An exact transcription is needed, beginning at the line with "- Public Grafana" and ending at the last line of the listing, with pictures left out and nothing else added.

* [Data shown]:
★ ★ ★ ★ ★ ★ ★
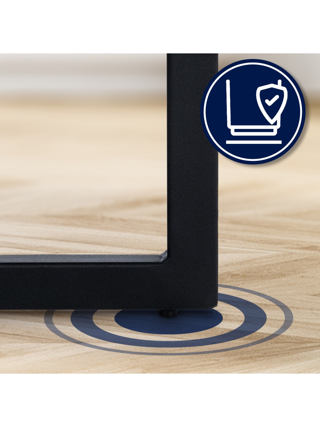 Den lige udkragede stel af pulverlakeret metal skaber et fantastisk blikfang, og den lille gyngen i sædet opfattes som meget behagelig. En integreret tværstang fungerer som en behagelig fodstøtte, mens ryglænet på sædet understøtter det nederste rygområde. Sæde og ryglæn er generøst polstret og har et stilfuldt fløjlsbetræk.
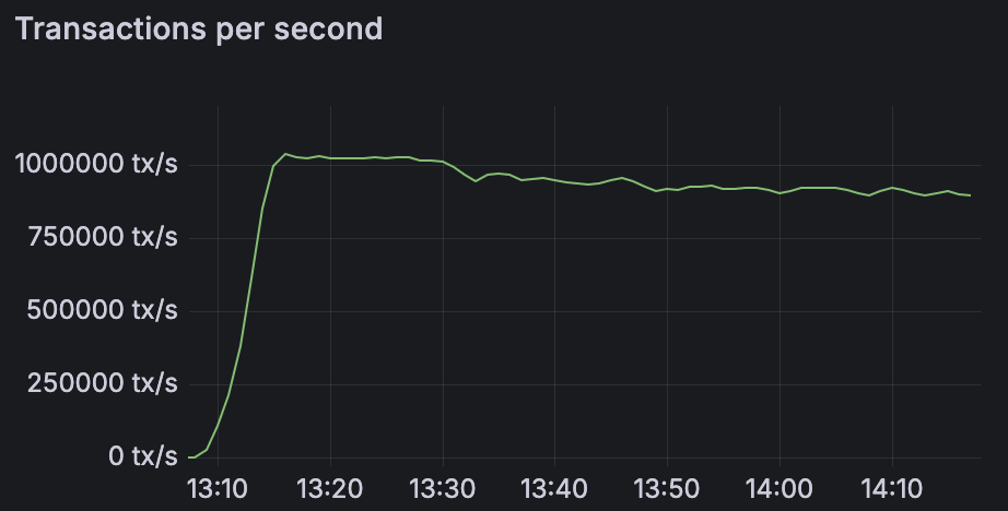 - Public Grafana dashboards with 1M TPS runs: Run 1, Run 2, Run 3
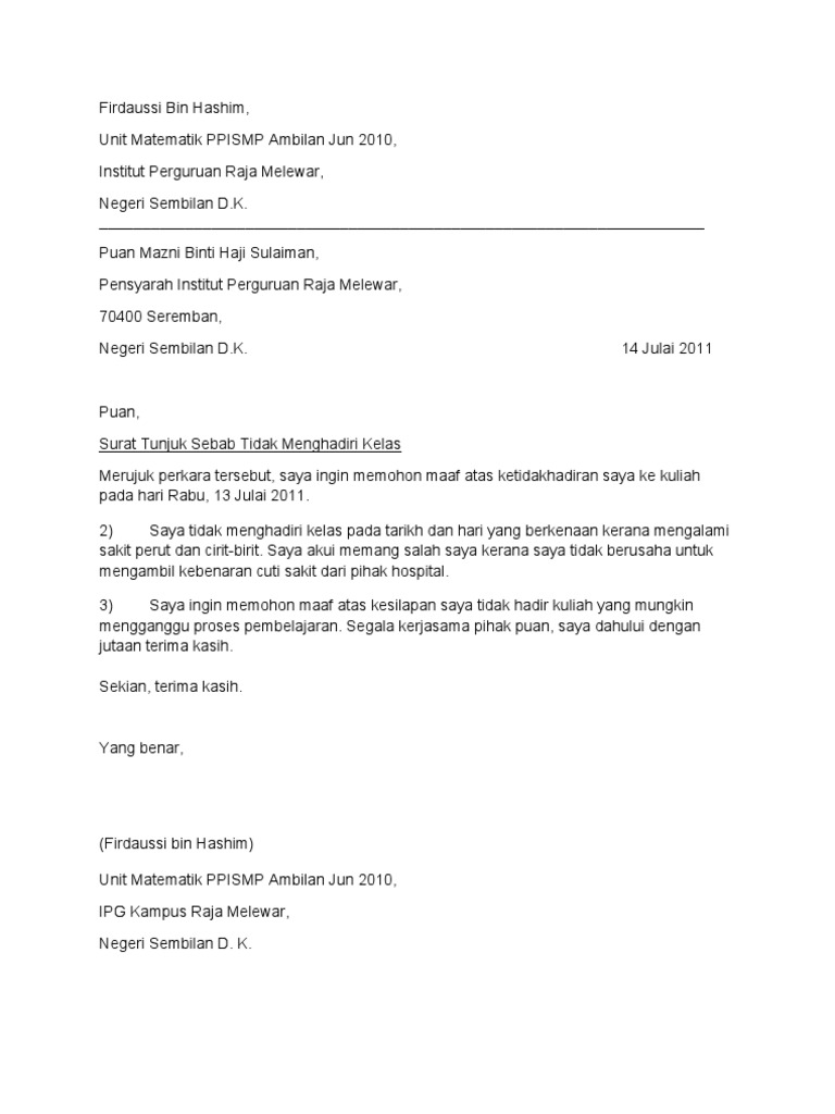 Surat Rasmi Tidak Hadir Ke Kuliah Kerana Sakit Rasmi B
★ ★ ★ ★ ★ ★ ★
* [Exercise response]:
 - Public Grafana dashboards with 1M TPS runs: Run 1, Run 2, Run 3
 Surat Rasmi Tidak Hadir Ke Kuliah Kerana Sakit Rasmi B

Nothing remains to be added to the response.